- **EXERCISE**: Within the listing that follows, reproduce exactly the lines starting at the line with "with kitchen twine." and ending at the line with "展示会後のフォローにおいてお", inclusive, and only those. Pictures are dropped.
==================================================
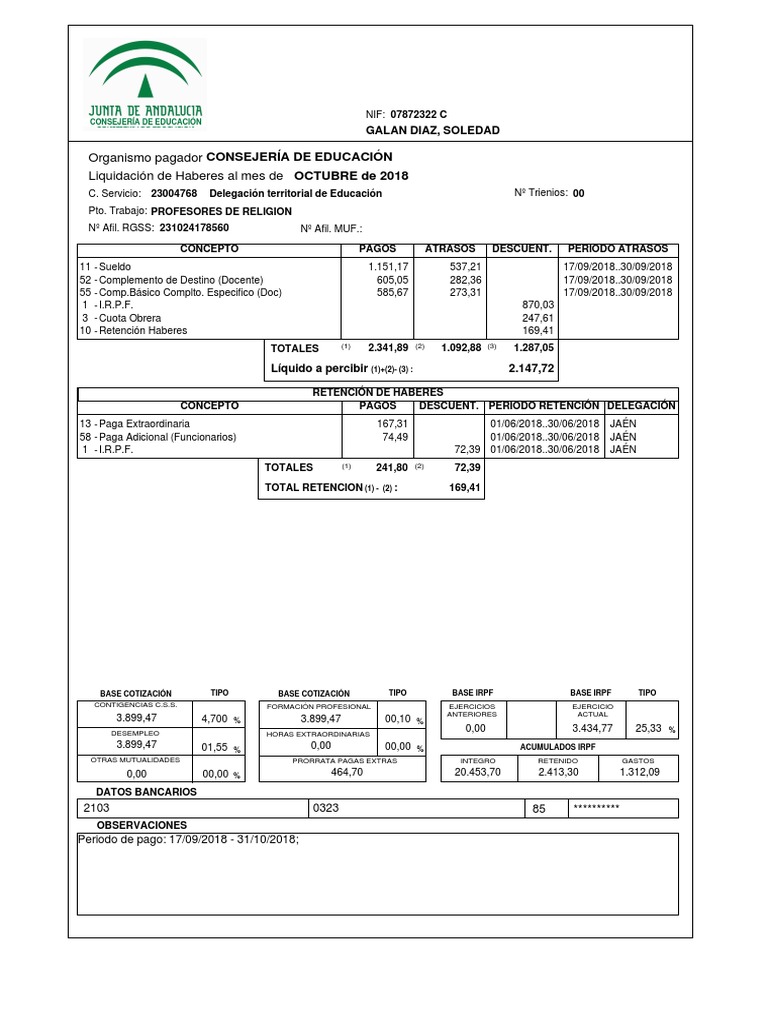 Periodo de pago: 17/09/2018 - 31/10/2018;
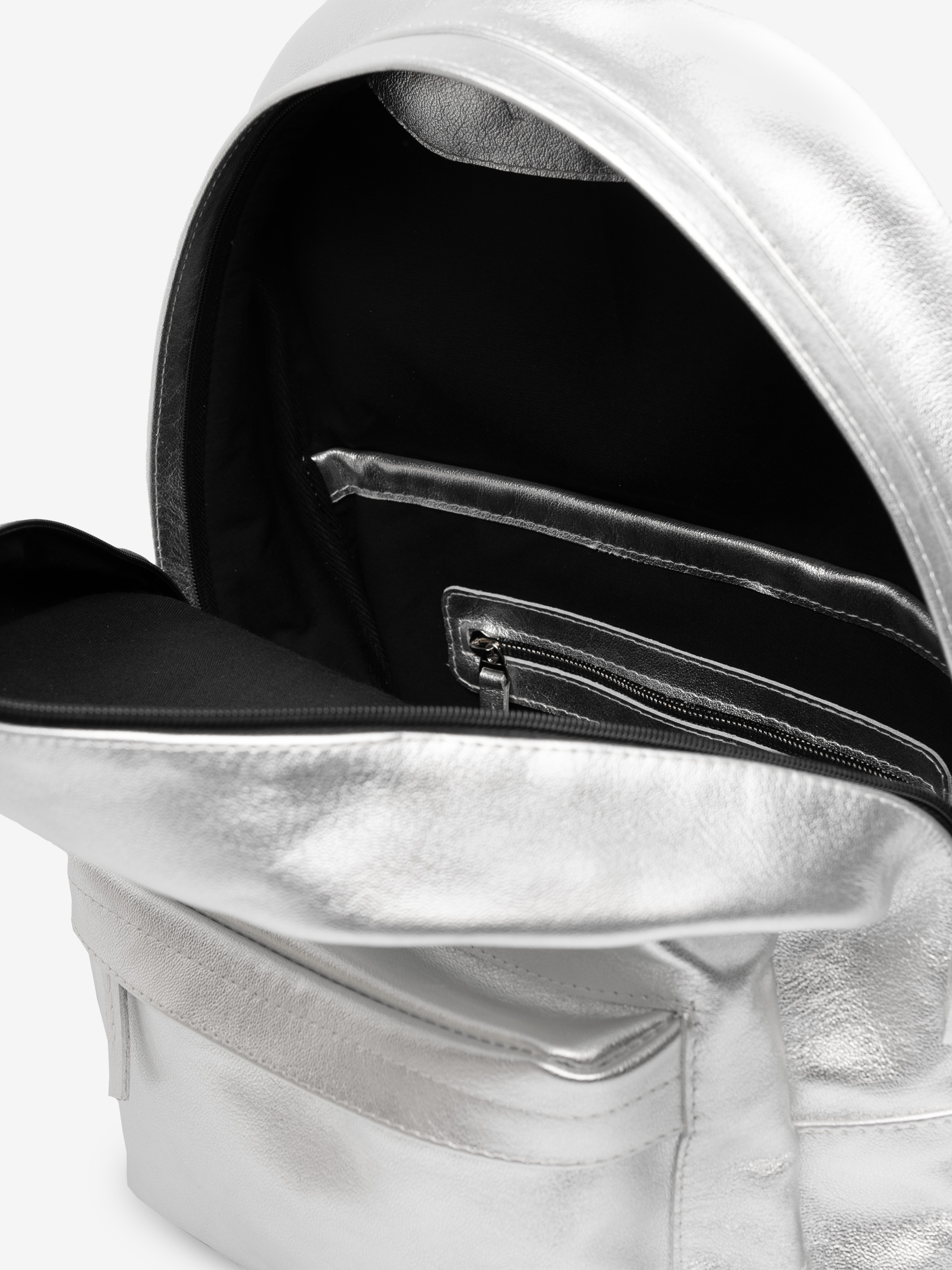 - материал: натуральная кожа КРС с серебристой отделкой, хлопковая подкладка;
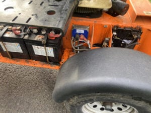 DC Electric Motor (Batteries), Auto Self-Leveling Hydraulic Outriggers/Stabilizers, Joystick Controller, Spare Tire, 4’ Rotating Platform, Fleet Maintained, Weighs 3710lbs
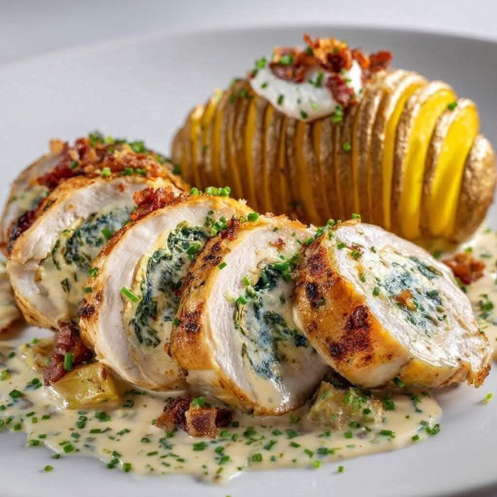 – Assemble: Spread the filling over each chicken breast, roll tightly, and secure with kitchen twine.
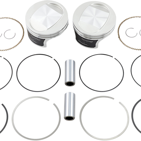 Caracteristicas: Forged piston crown with generous valve pockets for big valves and cams Precision-fit rings selected for each application for ultimate sealing Force-fed pin oiling provides enhanced lubrication of the piston pin Pressure seal groove reduces ring lifting and power loss ArmorGlide® skirt coating reduces friction, providing quieter operation and improving scuff resistance Valued-packaged with two pistons, rings, piston pins and circlips Made in the U.S.A
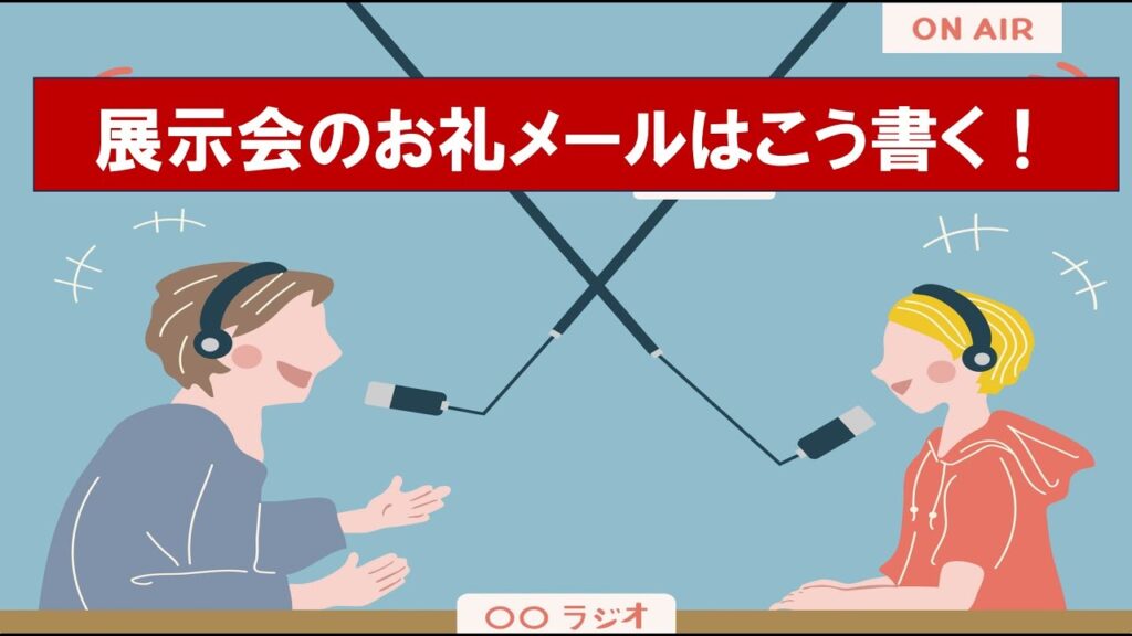 展示会後のフォローにおいてお礼メールは重要です。展示会のお礼メールについて、ラジオ風にわかりやすく解説しています。
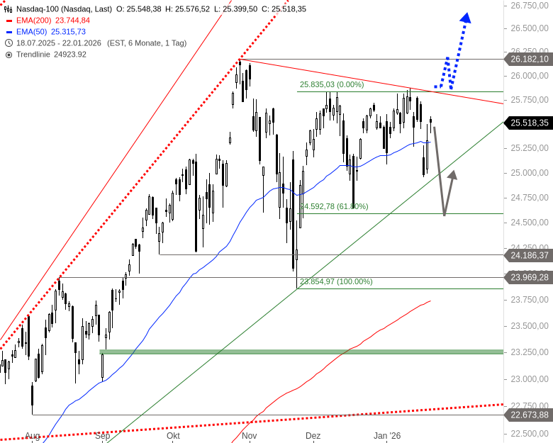 Der Nasdaq 100 korrigiert seit seinem Allzeithoch vom 29. Oktober 2025 in einer mehrmonatigen Konsolidierungsphase. Während das bisherige Tief bei 23.854 Punkten liegt, bildet die Marke von 25.835 Punkten die obere Grenze. Ein drohender Rückfall am Dienstag wurde am Mittwoch postwendend gekontert, als der Index über den EMA50 auf Tagesbasis zurückkehrte. Damit wurde eine potenzielle neue Abwärtswelle innerhalb des Korrekturtrends zunächst unterbunden und die charttechnische Lage stabilisiert.
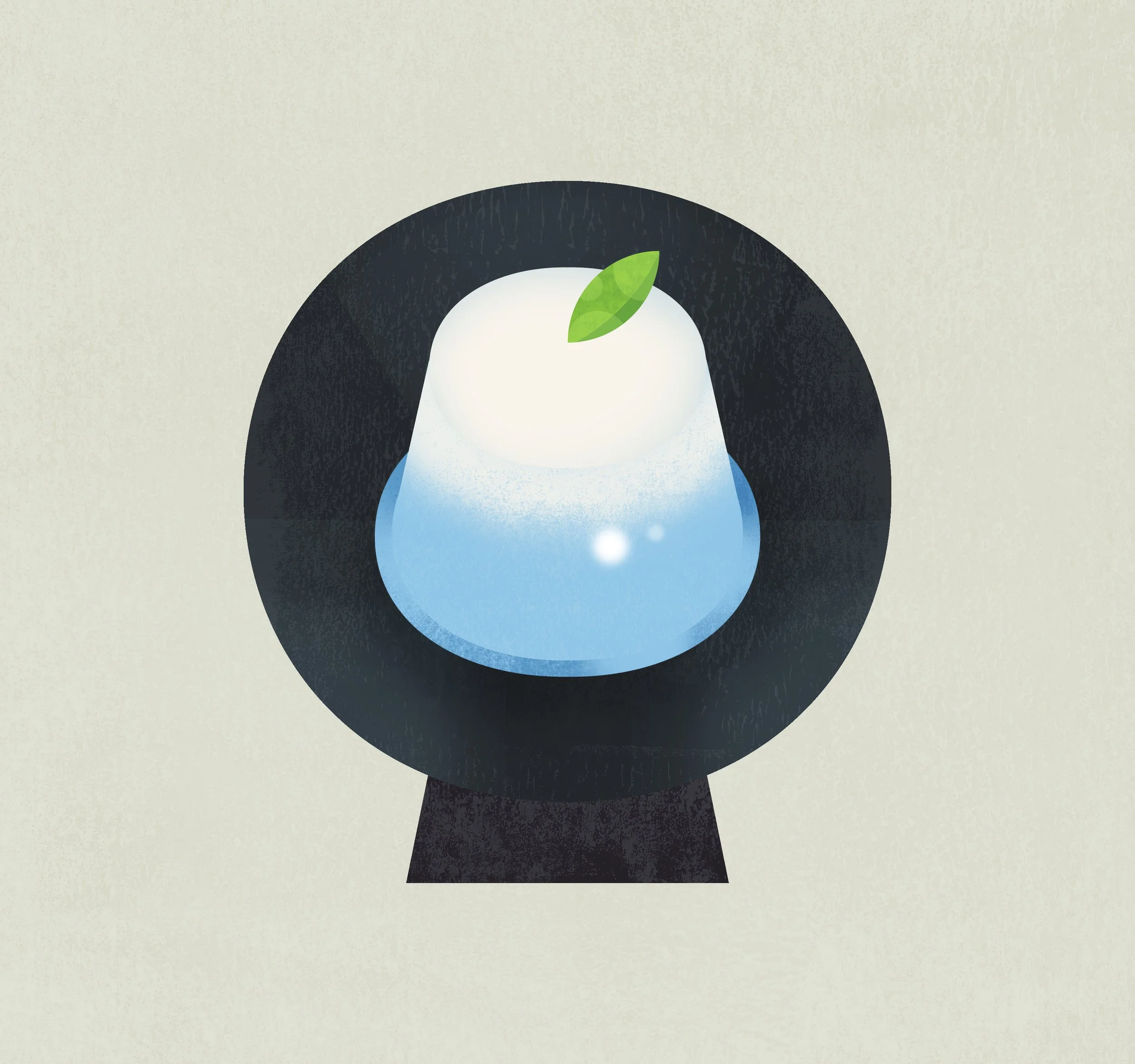 Mount Fuji milk pudding, a popular signature milk pudding dyed with nature colouring of Butterfly Pea sold in my good friend's Café “Nggy &” in Sai Ying Pun, HK.
==================================================
- **SOLUTION BELOW**:
 – Assemble: Spread the filling over each chicken breast, roll tightly, and secure with kitchen twine.
 Caracteristicas: Forged piston crown with generous valve pockets for big valves and cams Precision-fit rings selected for each application for ultimate sealing Force-fed pin oiling provides enhanced lubrication of the piston pin Pressure seal groove reduces ring lifting and power loss ArmorGlide® skirt coating reduces friction, providing quieter operation and improving scuff resistance Valued-packaged with two pistons, rings, piston pins and circlips Made in the U.S.A
 展示会後のフォローにおいてお礼メールは重要です。展示会のお礼メールについて、ラジオ風にわかりやすく解説しています。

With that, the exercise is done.